TI’s chips may not have the sex appeal of cutting edge advanced processors designed by Nvidia and AMD, but without them the electronic devices we take for granted don’t work. These ~$0.40 circuits are pervasive, splayed on circuit boards embedded in systems that control powertrains, x-ray machines, airbags, manufacturing and testing equipment….basically anything that runs on electricity and kicks back in response to physical stimuli. Whereas Intel and AMD sell a handful of CPU designs in massive volume to enormous end markets (smartphones, PCs, and servers), Texas Instruments maintains a catalog of 85k products fragmented across a vast array of use cases.
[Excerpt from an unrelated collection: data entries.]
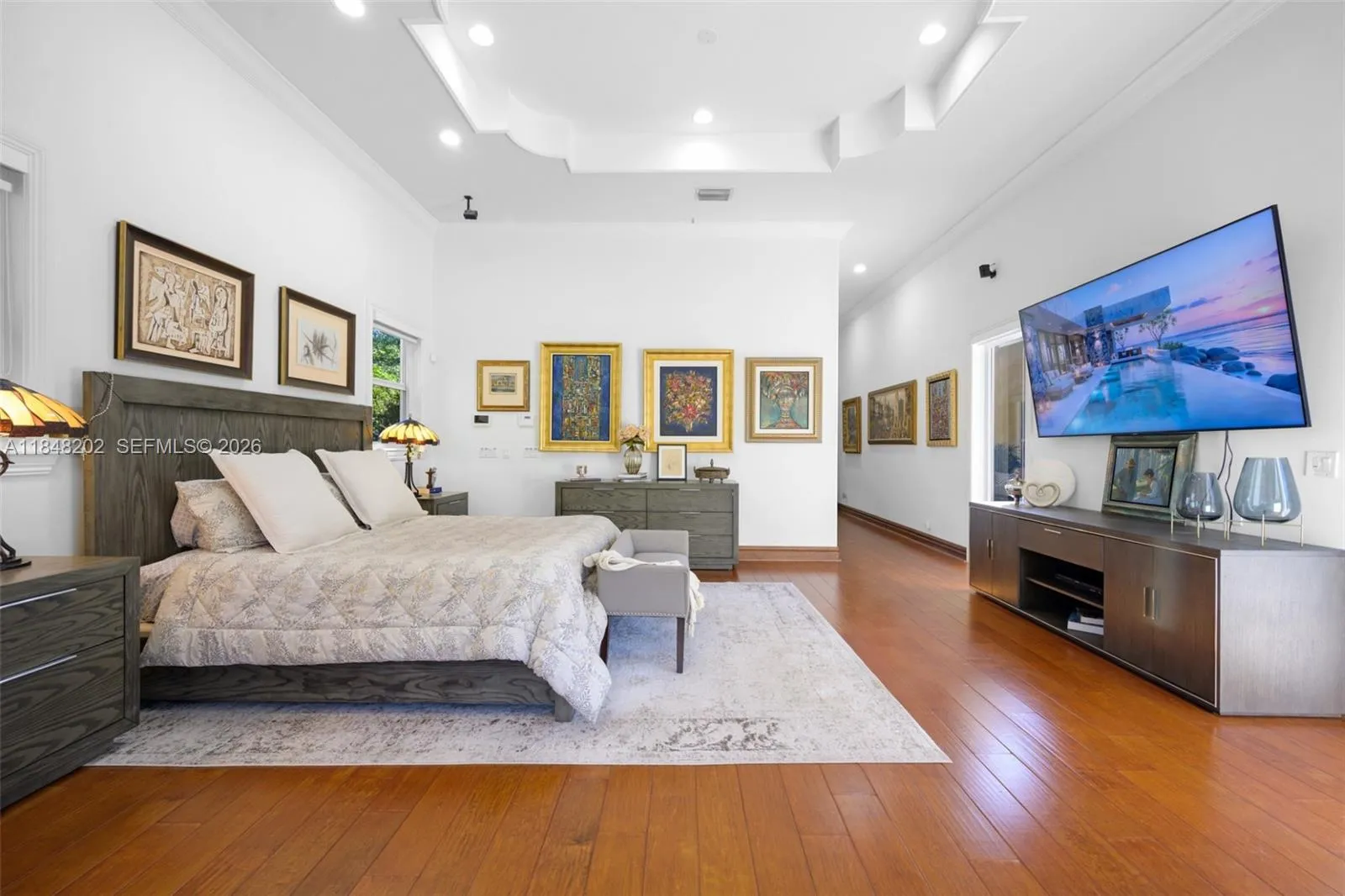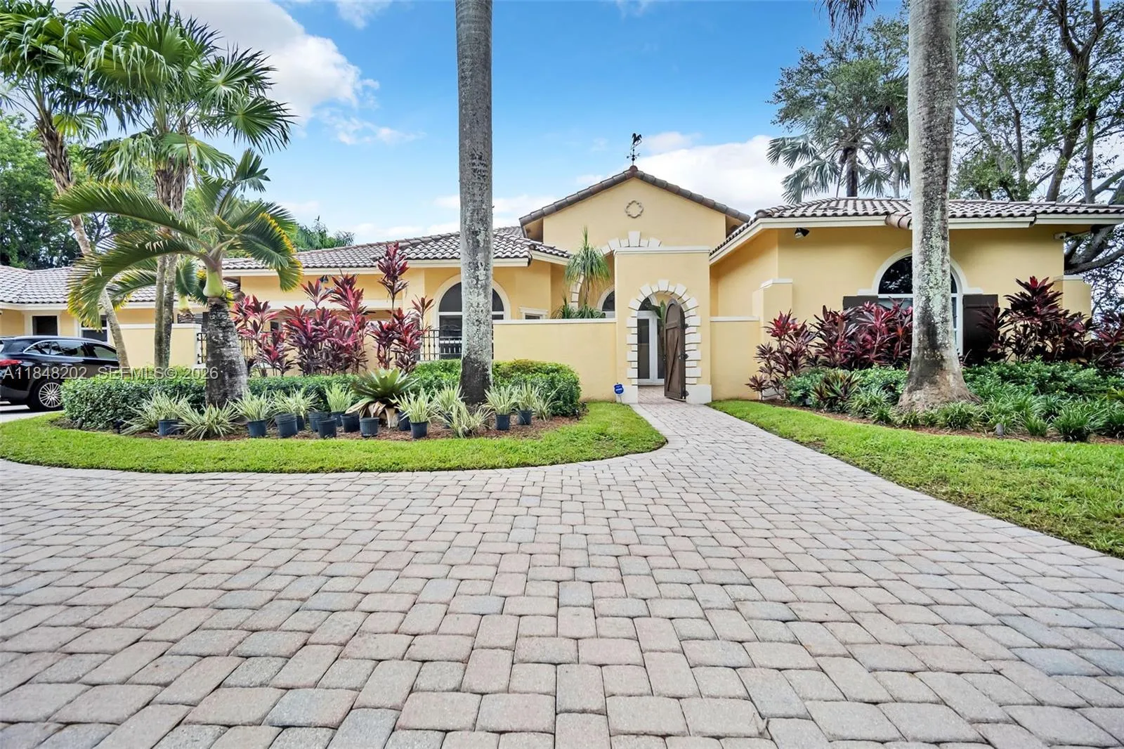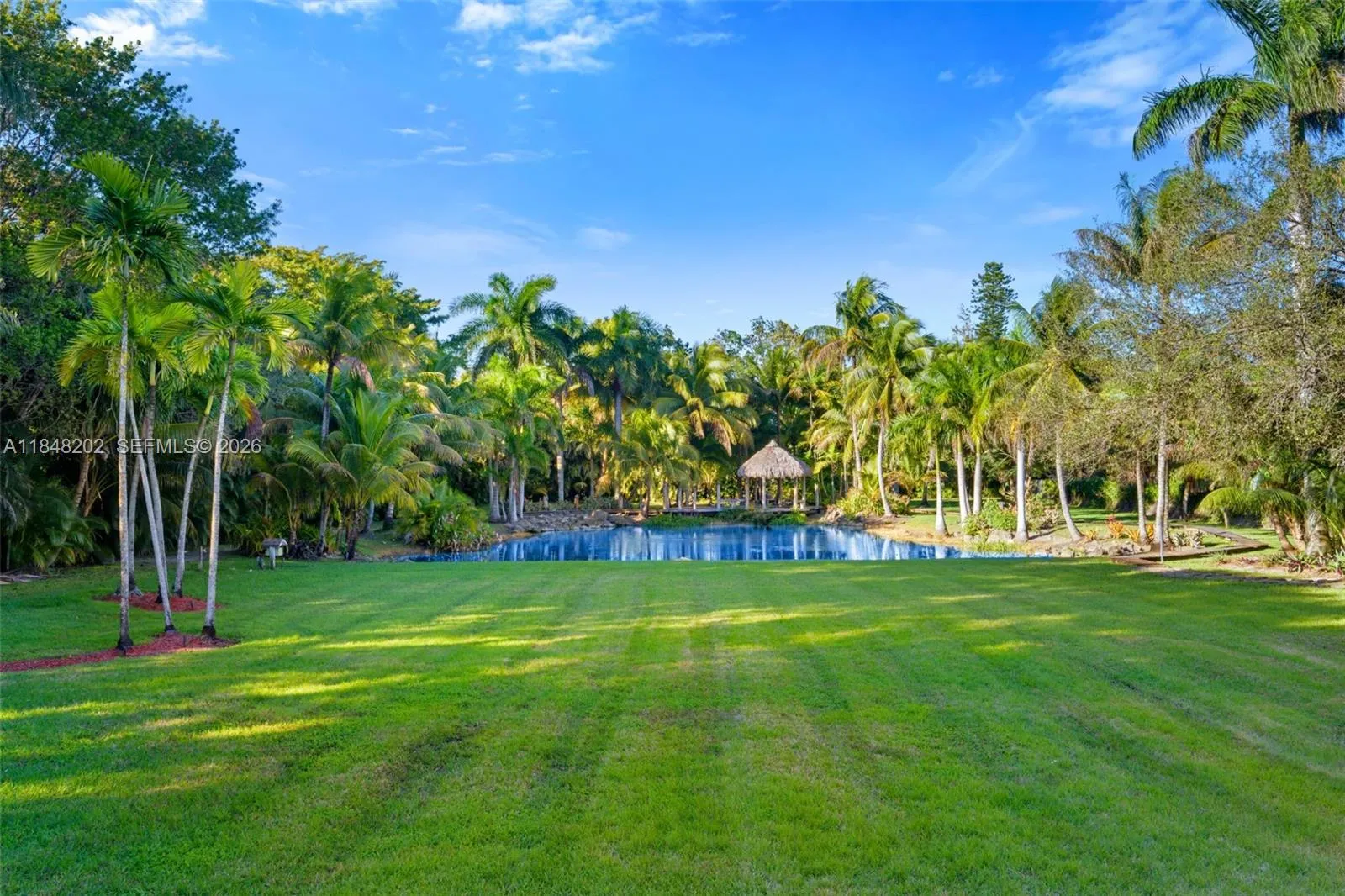Gated 2.24 acre estate in exclusive Sunshine Ranches offering unmatched privacy, space, and tropical luxury. This 7 bedroom, 6.5 bath hacienda style residence (including a den) also features a separate office, wood and tile flooring, crown molding, and generous living areas filled with natural light. The fully fenced grounds are a true tropical paradise professionally landscaped with over $300K in mature palms and exotic plants, plus over $20K in custom outdoor lighting. Outdoor highlights include an expansive travertine deck, scenic walking trails, and a tiki hut overlooking a serene private lagoon. Additional features include a 4 car garage, whole house generator, 500 gallon underground propane tank, and security cameras. A rare find in prestigious Southwest Ranches.
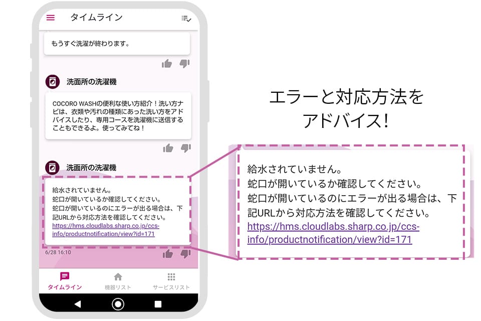 06運転終了やエラー、お手入れの時期をスマホにお知らせ
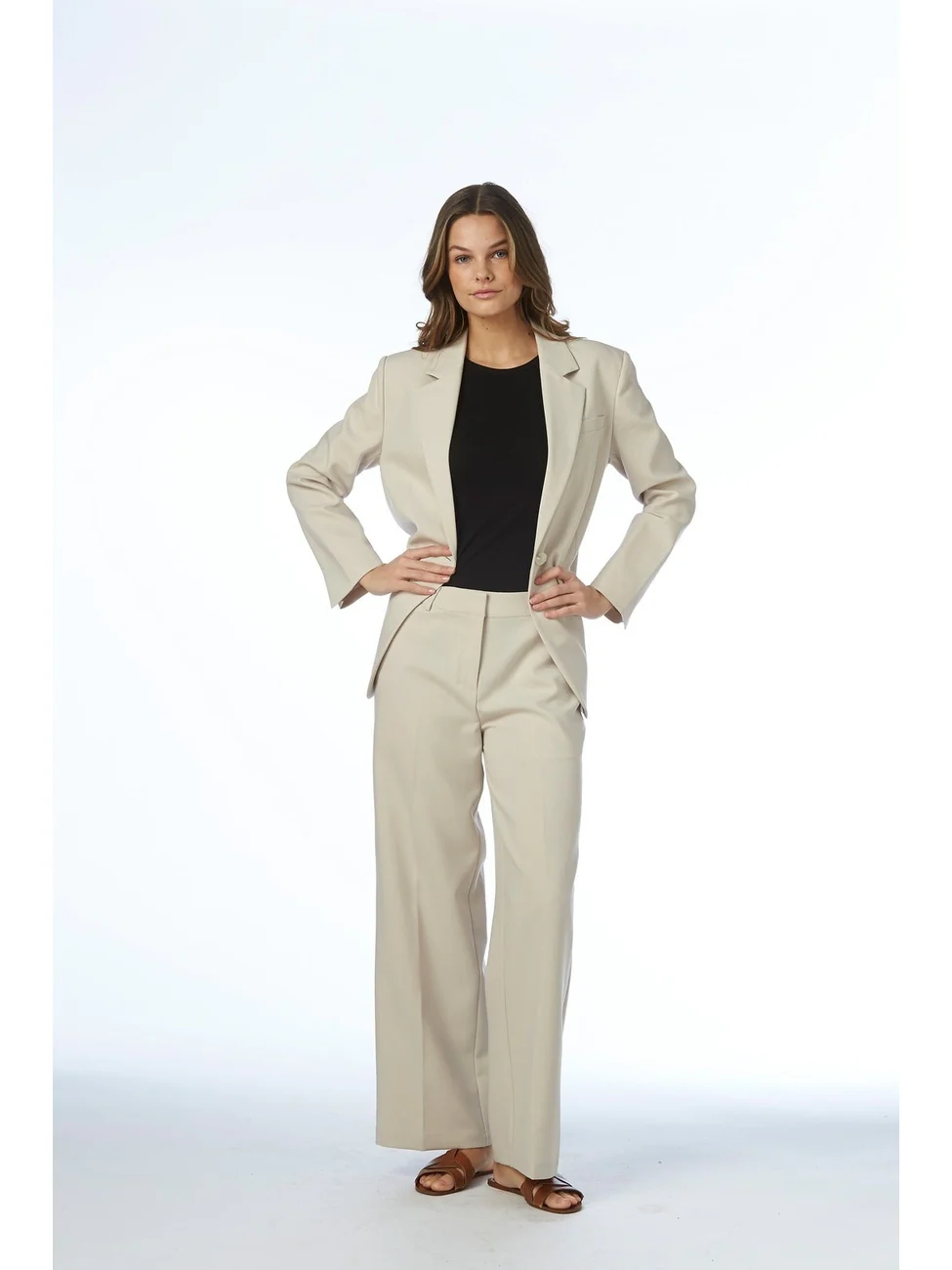 Oppgrader garderobens essensielle plagg med denne allsidige, ribbestrikkede tanktoppen, laget av en myk og elastisk blanding av 45 % viskose, 45 % bomull og 10 % elastan. Designet for komfort og holdbarhet, er dette tidløse plagget en perfekt match til enhver stil. Ideell for lag-på-lag-antrekk eller alene, den passer enkelt til bukser, jeans eller skjørt – et uunnværlig basisplagg i hverdagsgarderoben din.

This wasn’t always the case. In 2005, most of TI’s revenue came from baseband modems and application processors found in cell phones, digital cameras, tablets, and other consumer electronics. These end markets are challenging because design cycles are short, tied as they are to the progression of packaging technologies and Moore’s Law. Revenue from a given design might peak within a year or two of launch and is, moreover, concentrated among OEMs with the bargaining power to negotiate favorable terms. So the company spent the better part of a decade unwinding its wireless exposure and mixing toward Analog and Embedded Processing products sold into Industrials and Autos, a journey hastened by its $3bn divesture of sensor and controls business, Sensata, to Bain in 2006, followed by the $6bn purchase of National Semiconductor in 2011, its last major acquisition2. Today, around 60% of TI’s revenue comes from Industrial and Auto.